6. Listen to your Body

We have become accustomed in our world to always look outside of yourselves for guidance while forgetting that we have an amazing guidance system built right in: our bodies. Take the time to listen to what your body is telling you and really check-in and sit with it. It’s a good idea to keep a food log for a few weeks so that you can begin to notice patterns. Do you always get indigestion after you eat bananas? Do you always sleep really well on days you don't eat any sugar? Use the wisdom your body has to offer and trust it. It’s important to be very honest in this exercise, our minds can try to jump in and find the answer. This is truly about our body’s response. It doesn’t matter if every fitness influencer out there tells you hemp seeds are the best thing for you, it is only your body that can really determine that. 

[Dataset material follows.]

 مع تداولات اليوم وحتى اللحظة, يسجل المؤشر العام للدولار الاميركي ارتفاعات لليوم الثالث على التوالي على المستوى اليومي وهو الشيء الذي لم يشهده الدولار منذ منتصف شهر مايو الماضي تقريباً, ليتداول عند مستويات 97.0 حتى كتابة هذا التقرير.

7. Consult with a Professional 

Take it a step further and consult with a professional to help find the diet that suits you. Our bodies are all so unique, and it can be supportive to seek an unbiased source to support your journey in finding the optimal diet for you and your life. 

What about supplements? 

The right supplements can offer a fantastic boost and support for a healthy diet, but they aren’t a substitute. Keep that in mind as you build your unique food blueprint, and aim to get most of your nutrients directly from food sources. 

Some common deficiencies in our modern diets include Vitamin D3, Magnesium, and Omega 3 fatty acids. While most people can benefit from supplementing with these, always consult with your doctor before trying any new supplements to find out what's right for you.